Phil rolls over with him, re-secures the arm that’s lingered around Dan’s middle, presses a kiss to his shoulder and says: “Stop thinking so loud. Gotta sleep.”

Dan closes his eyes, and dreams fitfully of the boys in high school who used to tease him for being too gay.

\---

By the time he wakes up, it feels silly.

Phil’s propped up in bed, pillows adjusted against the headboard, phone in hand. He always stays late after nights when Dan can’t sleep, concern gleaming in his eyes and heavy in the quiet  _ good morning  _ he offers. He drops his phone and runs his fingers through Dan’s hair, leans down for a quick kiss before slipping away with promises to have coffee ready for them both.

Dan’s still wrapped in the duvet when the door closes behind him, head squished in a pillow, the ghost of a kiss tingling on his lips.

It feels silly, he thinks, to have a sexuality crisis when you’re a boy who’s been dating a boy for so many years. But that doesn’t stop the feeling that settled heavy between his ribs.

\---

There was a time around when he dropped out of uni that Dan realized he hated labels.

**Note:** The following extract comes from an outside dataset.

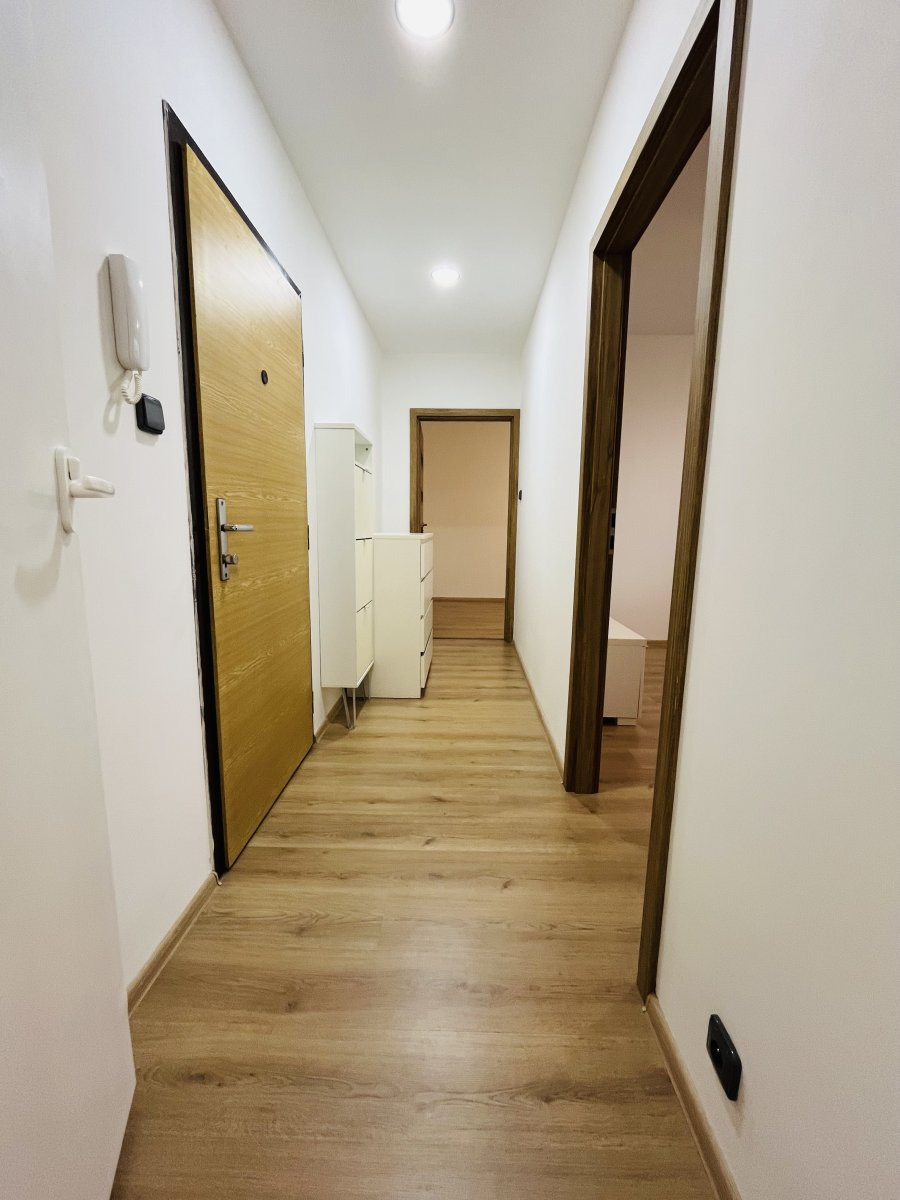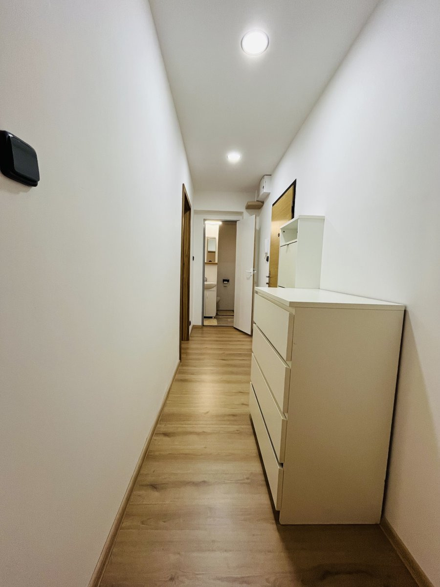 Nabízí jeden neprůchozí pokoj, do kterého vstupujeme z dlouhé chodby, která disponuje botníkem a komodou. Z chodby také míříme do průchozího pokoje a do koupelny se záchodem. Ta je společná.

They were restricting, tight around his bones until his actions operated per something self-imposed and unwanted. He was a boy so his feet dragged him to the men’s section of every store. He was a student so he poured over textbooks until his eyes burned from the tears that had welled. He was a YouTuber so he spent too many nights wallowing in the uncertainty of the only career that had ever felt right.

He’d been drowning in them, the expectations. They’d gripped at his arms and legs and pinned him into a mould of himself that didn’t feel wrong, but never felt quite right. So he shed them, one by one, ignoring the voices in his head that echoed them back at him in favour of the relief freedom breathed into his lungs.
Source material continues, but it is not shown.